Fraudrix is an intelligent message-risk classifier built for practical fraud defense across SMS, email, and URL-driven social engineering content. The system combines contextual text preprocessing, high-signal feature extraction, and a tuned classification pipeline to separate safe, spam, and scam traffic with high reliability.
Fraudrix follows a data-first architecture:
- Raw datasets are normalized into a unified format with two columns: message and label.
- URL-based phishing records are transformed into contextual text so the model learns intent, not only links.
- Curated scam phrases are injected to improve linguistic diversity for fraud patterns.
- Balanced sampling stabilizes decision boundaries across safe, spam, and scam classes.
- Training uses n-gram TF-IDF plus Logistic Regression for fast and robust inference.
- Runtime prediction adds lightweight explainability signals for trust and auditability.
flowchart LR
A[Incoming Message] --> B[Text Normalization]

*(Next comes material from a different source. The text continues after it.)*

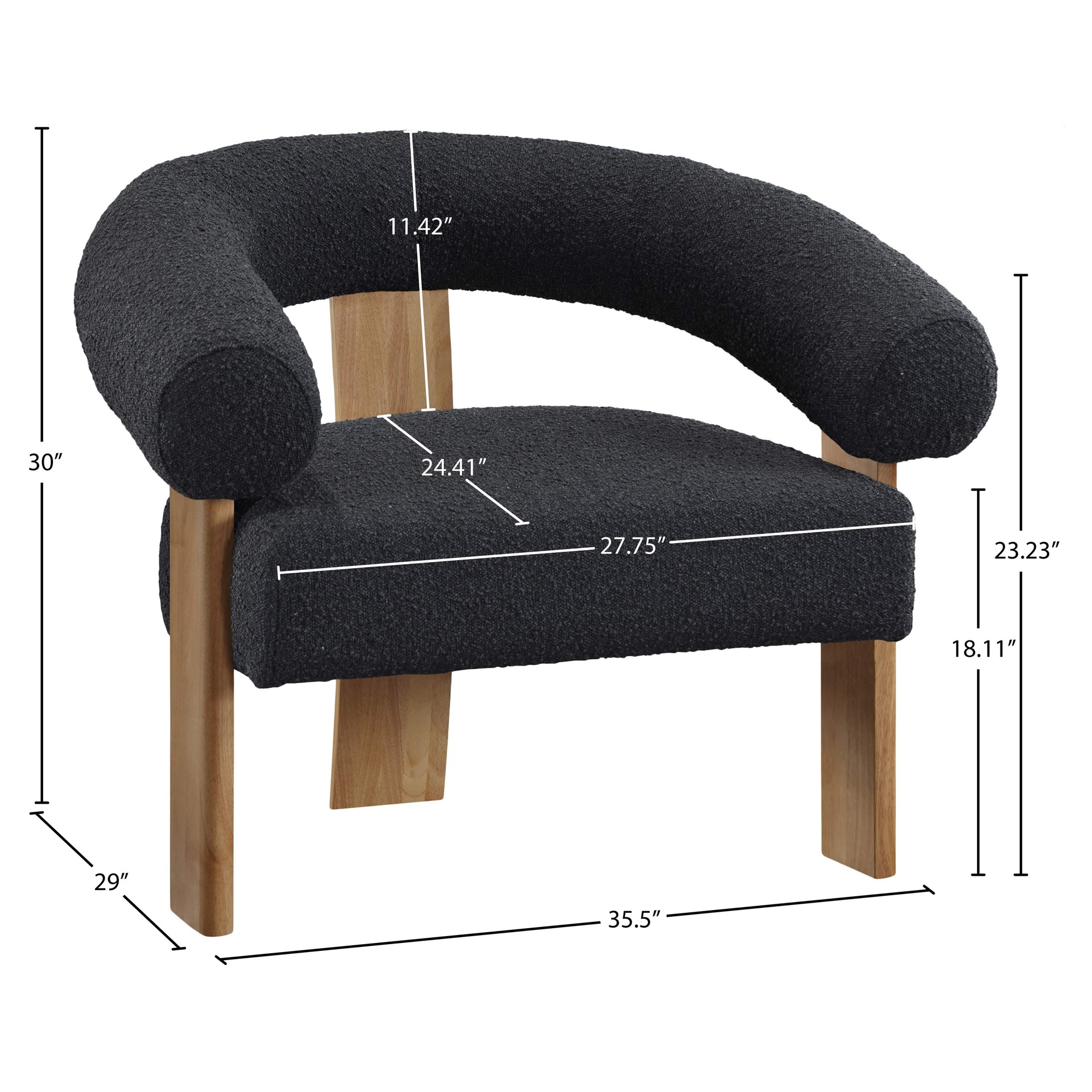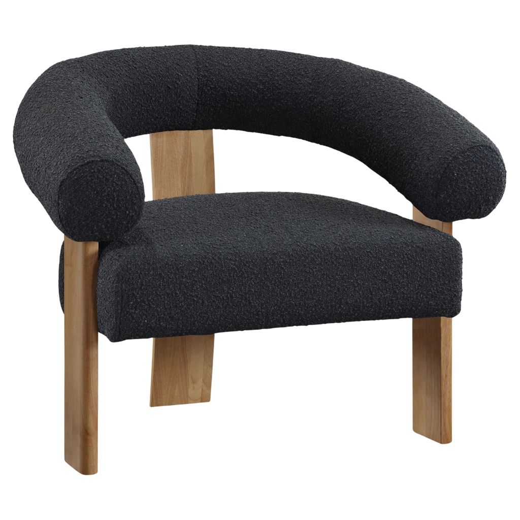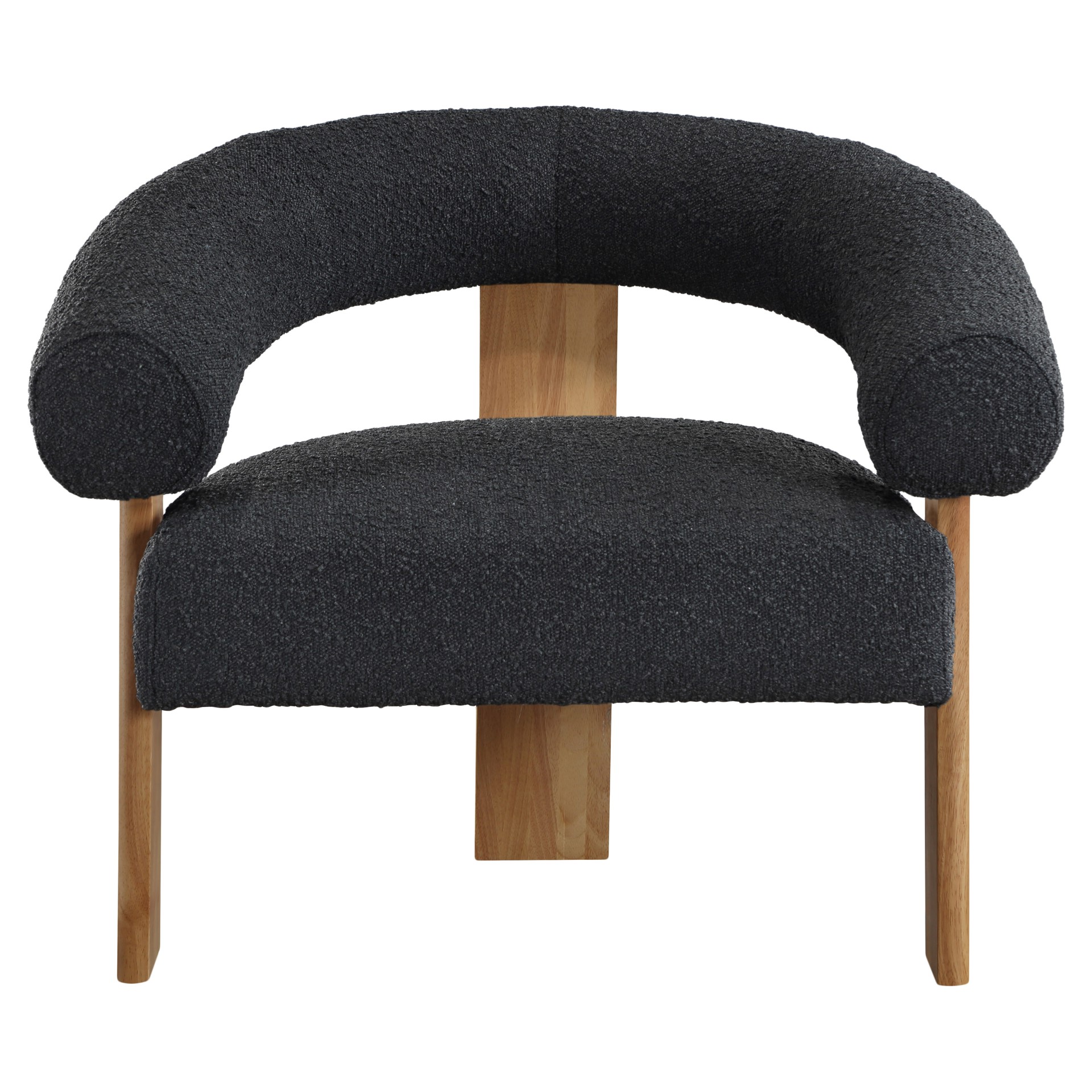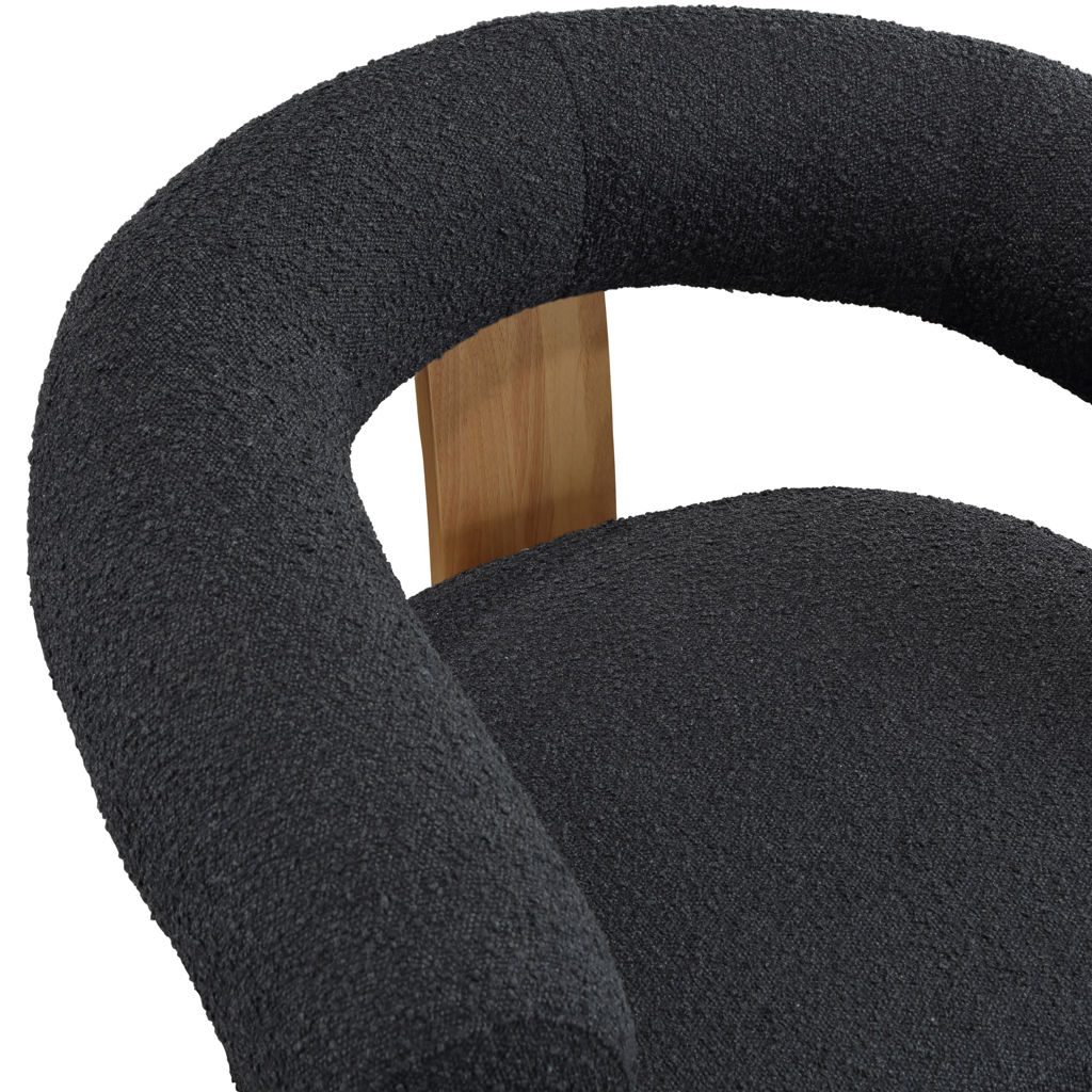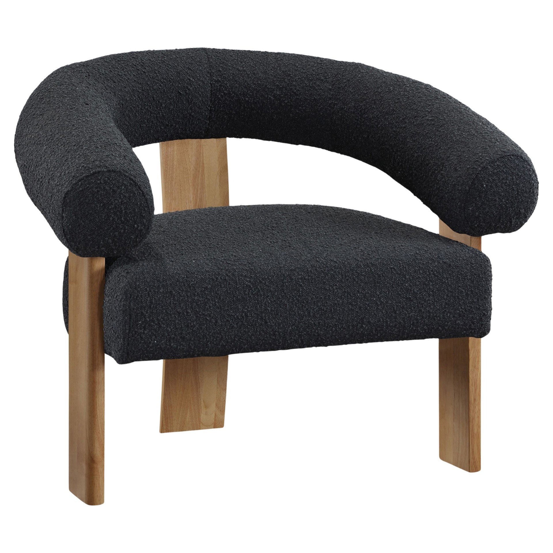 Le tissu bouclé noir est doux au toucher et durable, ce qui confère au fauteuil longévité et résistance aux dommages. Les pieds en bois massif constituent une base solide pour ce joli siège, parfait pour le salon, la chambre à coucher ou tout autre espace.

B --> C[Reason Signal Extraction]
C --> D[TF-IDF Vectorization]
D --> E[Logistic Regression Classifier]
E --> F[Predicted Class]
C --> G[Reason Summary]
F --> H[Final Output]
G --> H
pie title Balanced Training Set Composition
"safe" : 7000
"spam" : 3000
"scam" : 3000
- Unified schema: message, label
- URL phishing enrichment for stronger contextual understanding
- Supplemental curated scam corpus for linguistic coverage
- Deduplication and null filtering before training
- Cleaner preserves lexical meaning while stripping noise
- TF-IDF with ngram_range=(1,2)
- Maximum features tuned for practical latency and stable quality
- Algorithm: Logistic Regression
- Multiclass target: safe, spam, scam
- Trained on balanced data for stronger minority-class recall
At inference time, Fraudrix reports why a message looks suspicious through compact reason tags such as:
- sensitive financial keywords
- promotional or spam keywords
- contains link
This keeps outputs auditable without adding heavyweight model overhead.
Latest benchmark from the current training pipeline:
| Metric | Value |
|---|---|
| Overall Accuracy | 99.19% |
| Safe Precision | 0.99 |
| Safe Recall | 0.99 |
| Spam Precision | 0.98 |
| Spam Recall | 0.99 |
| Scam Precision | 1.00 |
| Scam Recall | 0.99 |
Install dependencies:
pip install -r requirements.txtPrepare and train:
python data/raw/fixurl.py
python src/marge_all.py
python train.pyRun interactive classifier:
python main.pyRun API service:
uvicorn api.app:app --reloadDesigned and maintained by Notookk.
Fraudrix targets production-grade fraud intelligence where precision, recall, speed, and explainability must coexist in one practical pipeline.